Publisher: William Morrow
Paperback: 162 pages
Audiobook: 3 hours and 36 minutes
I’ve had Coraline on my Audible account for a while and was in the mood for a quick listen. Probably could’ve finished it in one sitting, but you know how life gets in the way.
To be honest, I have loved everything I have read by Neil Gaiman thus far:
- The Ocean at the End of the Lane
- American Gods
- Norse Mythology
Coraline is no different.
Coraline and her parents have just moved into a new home that has been converted into flats. Along with the new home are new neighbors, all just as interesting as the next. But the most curious thing is a door that leads to nowhere except for a brick wall.

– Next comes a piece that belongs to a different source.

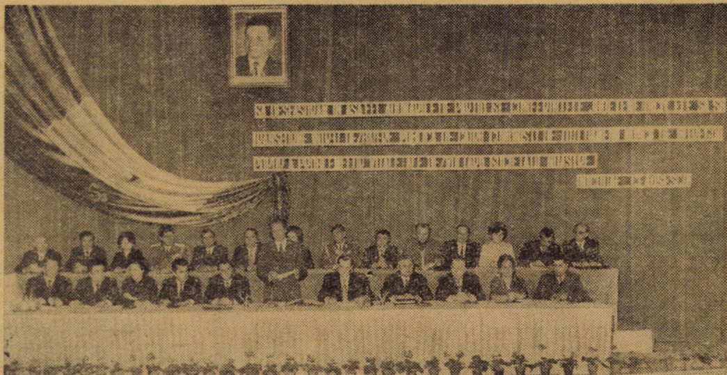
Prezidiul Conferinței organizației județene de partid

At least, that is until one day when she opens the door and finds a passage to another flat very much like her own.
Of course, that can’t be true, right?
Everything here is better: the food, the toys, and even… her parents? Another mother and another father are here, very similar to her own parents, but with buttons for eyes and very pale skin. Unlike her parents, they aren’t too busy for her and give her the attention she craves. They seem too good to be true, and they are, as they want to change Coraline and never let her leave. Turns out, the other mother has trapped other children here as well and Coraline is their only means of escape. She will have to ask for help from some of the most unlikely of friends in order to free not only them, but herself.

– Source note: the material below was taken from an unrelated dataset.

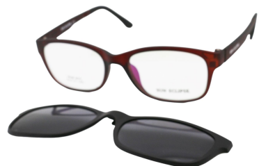
TR90 8215 - C3 Marron Clip Noir 53□17-140

I very much enjoyed this little story, especially the audiobook narrated by the author himself. It is always a nice touch with the author can give each character its intended voice and set the tone exactly how it it was meant to be presented. Coraline is a very likable character and one you can truly sympathize with, whether you are a child or an adult. Her situation is very similar to that of Alice in Carroll’s classic, but the overall sense of dread that hangs over her head leads to a darker path to the light.
The tale is genuinely a creepy one and, in my opinion, Gaiman is to books like Tim Burton is to movies. If you are a fan of either, I would suggest picking up Coraline and giving it a read. If reading or listening isn’t your thing, you can watch the movie by Henry Selick (The Nightmare Before Christmas / James and the Giant Peach) that came out in 2009. Run time is about 1 hour and 40 minutes.